Let This Father’s Day
Be Your

Day of Showing
Appreciation For Him

Thus reads an article on the front page of The Cheyenne Citizen dated Sunday, June 15, 1930. The mast head notes, “The Paper that Reaches Every Citizen in Cheyenne and Fort Warren.”

Roughened hands, a stooped, toilworn figure – rundown heels and a shabby coat with frayed cuffs – days in the heating sun or the blighting cold – long hours of overtime when the irresponsible might gather and make merry – all of these things and much more must have been in the mind of the founder of Father’s Day. 

Daily these unsung heroes by the thousands, too often poorly fed and poorly clad, leave for the offices, banks, stores, mines and factories of this country to return in the evening to homes, often cheerless and ill-kept.

But finally, someone with vision saw with appreciation the things a Father has been doing. And so, this second Sunday in June was set aside as a day to do honor to Father for all he has sacrificed for mother and the children.

It is characteristic of the sentiment long given credence in America that Mother’s Day was established before it occurred to anyone Father must have his day too.

But as time goes on, Father’s Day is observed more and more, and finally it will take its place in the calendar where it should, and Father will be honored and acclaimed on the second Sunday in June as Mother is on the second Sunday in May.

Research shows several accounts of the origin of Father’s Day. Here’s one.

In reality, Father’s Day would not have reached the status it has today without the efforts of one woman, Sonora Smart Dodd. One of the reasons Dodd was so passionate about the holiday was she and her siblings were raised by a single father, William Jackson Smart.

Dodd was inspired to start a holiday for fathers after hearing a sermon at her church about Anna Jarvis’s effort to establish Mother’s Day.  

After the sermon, Dodd approached her pastor and said she believed fathers deserved their own day of celebration. Her original idea was the holiday be held on June 5, her father’s birthday.

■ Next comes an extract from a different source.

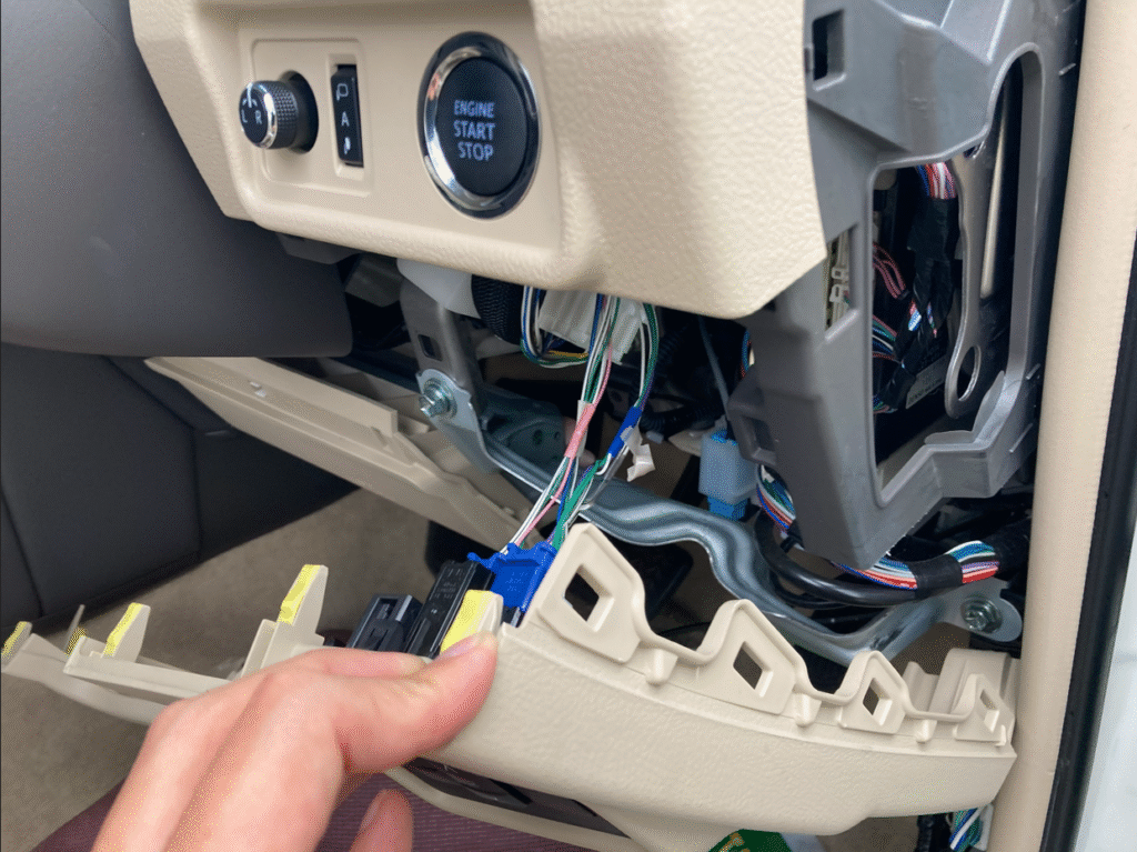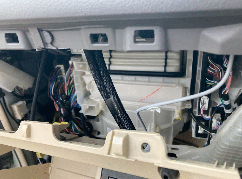 特に運転席側はスペースが限られるため、配線ミスがないよう確実に処理します。

Instead, to provide more time to prepare sermons for the holiday, Dodd proposed the Father’s Day event be held on June 19, 1910, the third Sunday of the month. 

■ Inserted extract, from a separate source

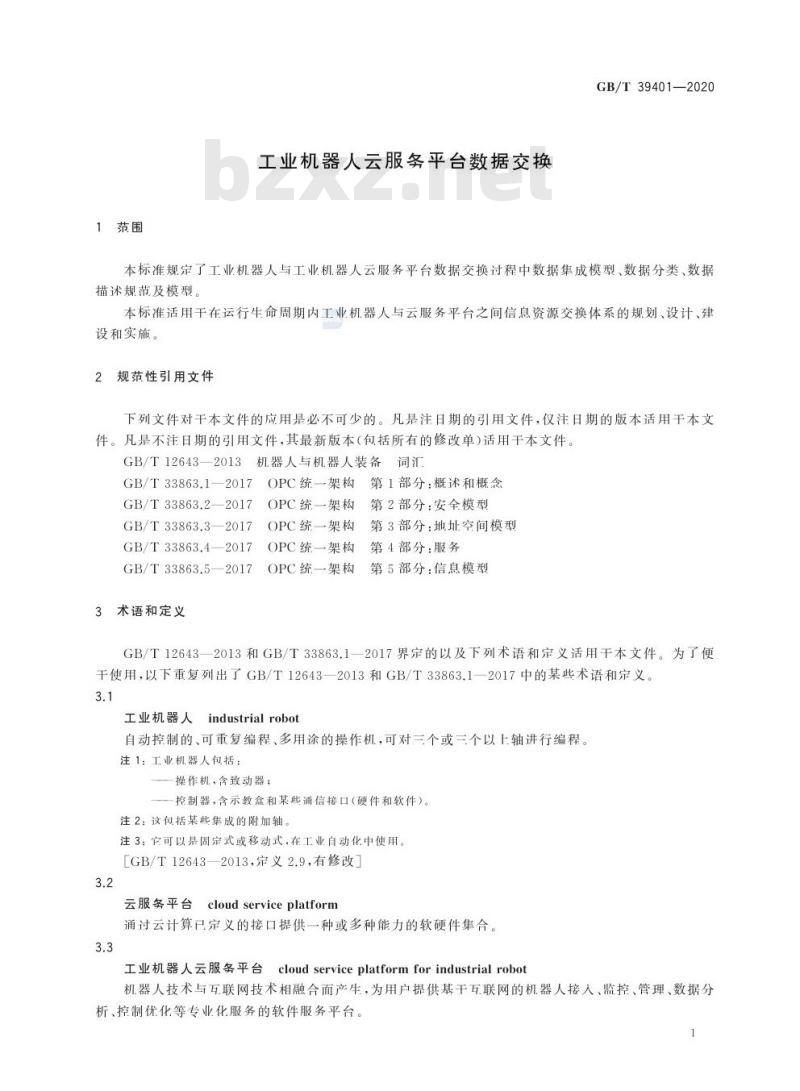 - GB/T 39401-2020 工业机器人云服务平台数据交换

Dodd continued holding these celebrations in Spokane, Wash., for many years until she left to study art in Chicago. She resumed celebrations when she returned to Spokane in the 1930s. 

Based on Dodd’s efforts, several politicians attempted to formalize the holiday with little success. U.S. President Lyndon B. Johnson designated the celebration of Father’s Day with a presidential proclamation, and Father’s Day was made a national holiday in 1972 by President Richard M. Nixon.